Using the files we created, we ran ``scripts/extract_reads_aligned_to_region.py``, please see usage example below.

.. note:: Make sure nanopolish still reproduces the same error on this subset before sending it to us.

Usage example
"""""""""""""""""""""""
::

    python3 extract_reads_aligned_to_region.py \
        --reads reads.fasta \
        --genome ecoli.contigs.fasta \
        --bam reads.sorted.bam \
        --window "tig00000001:200000-202000" \
        --output_prefix ecoli_2kb_region --verbose

.. list-table:: 
   :widths: 25 5 20 50
   :header-rows: 1

   * - Argument name(s)
     - Req.
     - Default value
     - Description

   * - ``-b``, ``--bam``
     - Y
     - NA
     - Sorted bam file created by aligning reads to the draft genome.

   * - ``-g``, ``--genome``
     - Y
     - NA
     - Draft genome assembly

   * - ``-r``, ``--reads``
     - Y
     - NA
     - Fasta, fastq, fasta.gz, or fastq.gz file containing basecalled reads.

   * - ``-w``, ``--window``
     - Y
     - NA
     - Draft genome assembly coordinate string ex. "contig:start-end". It is essential that you wrap the coordinates in quotation marks (\").

   * - ``-o``, ``--output_prefix``
     - N
     - reads_subset
     - Prefix of output tar.gz and log file.

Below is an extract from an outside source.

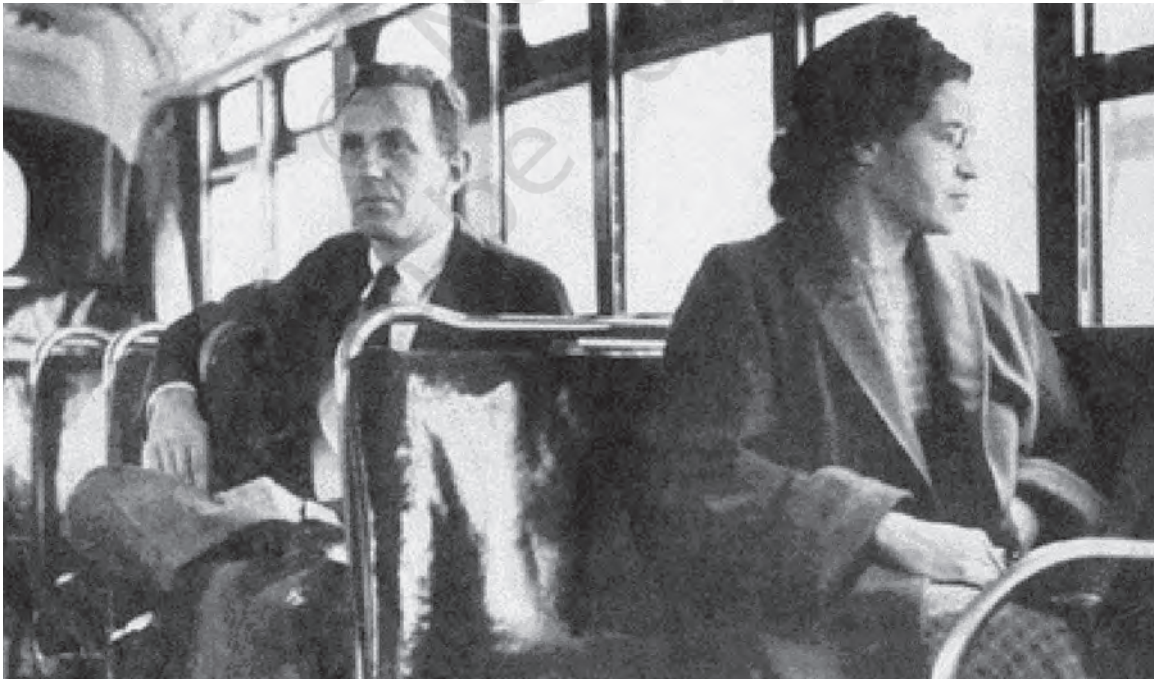
रोज़ा पार्क्स, एक अफ्रीकी-अमेरिकन औरत, जिनकी एक विद्रोही प्रतिक्रिया ने अमेरिकी इतिहास की दिशा बदल दी।

रोज़ा पार्क्स (1913–2005) एक अफ्रीकी-अमेरिकन महिला थीं। 1 दिसंबर 1955 को दिन भर काम करके थक जाने के बाद बस में उन्होंने अपनी सीट एक गोरे व्यक्ति को देने से मना कर दिया। उस दिन उनके इंकार से अफ्रीकी-अमेरिकनों के साथ असमानता को लेकर एक विशाल आंदोलन प्रारंभ हो गया, जो नागरिक अधिकार आंदोलन (सिविल राइट्स मूवमेंट) कहलाया। 1964 के नागरिक अधिकार अधिनियम ने नस्ल, धर्म और राष्ट्रीय मूल के आधार पर भेदभाव का निषेध कर दिया। इसने यह भी कहा कि अफ्रीकी-अमेरिकन बच्चों के लिए सब स्कूलों के दरवाज़े खोले जाएँ और उन्हें उन अलग स्कूलों में नहीं जाना पड़ेगा, जो विशेष रूप से केवल उन्हीं के लिए खोले गए थे। इतना होने के बावजूद भी अधिकांश अफ्रीकी-अमेरिकन गरीब हैं। अधिकतर अफ्रीकी-अमेरिकन बच्चे केवल ऐसे सरकारी स्कूलों में प्रवेश लेने की ही सामर्थ्य रखते हैं, जहाँ कम सुविधाएँ हैं और कम योग्यता वाले शिक्षक हैं; जबकि गोरे विद्यार्थी निजी स्कूलों में जाते हैं या उन क्षेत्रों में रहते हैं, जहाँ के सरकारी स्कूलों का स्तर निजी स्कूलों जैसा ही ऊँचा है।

   * - ``-v``, ``--verbose``
     - N
     - False
     - Use for verbose output with info on progress.

Script overview
"""""""""""""""""""""

#. Parse input files
#. Assumes readdb file name from input reads file
#. Validates input
    - checks that input bam, readdb, fasta/q, draft genome assembly, draft genome assembly index file exist, are not empy, and are readable
#. With user input draft genome assembly coordinates, extracts all reads that aligned within these coordinates stores the read_ids. This information can be found from the input BAM.
    - uses pysam.AlignmentFile
    - uses samfile.fetch(region=draft_ga_coords) to get all reads aligned to region
    - if reads map to multiple sections within draft ga it is not added again
#. Parses through the input readdb file to find the FAST5 files associated with each region that aligned to region
    - stores in dictionary region_fast5_files; key = read_id, value = path/to/fast5/file
    - path to fast5 file is currently dependent on the user's directory structure
#. Make a BAM and BAI file for this specific region
    - creates a new BAM file called ``region.bam``
    - with pysam.view we rewrite the new bam with reads that aligned to the region...
    - with pysam.index we create a new BAI file
#. Now to make a new FASTA file with this subset of reads
    - the new fasta file is called ``region.fasta``
    - this first checks what type of sequences file is given { ``fasta``, ``fastq``, ``fasta.gz``, ``fastq.gz`` }
    - then handles based on type of seq file using SeqIO.parse
    - then writes to a new fasta file
#. Let's get to tarring
    - creates a ``tar.gz`` file with the output prefix
    - saves the fast5 files in directory ``output_prefix/fast5_files/``
#. Adds the new fasta, new bam, and new bai file with the subset of reads
#. Adds the draft genome asssembly and associated fai index file
#. Performs a check
    - the number of reads in the new BAM file, new FASTA file, and the number of files in the fast5_files directory should be equal
#. Outputs a ``tar.gz`` and ``log`` file. FIN!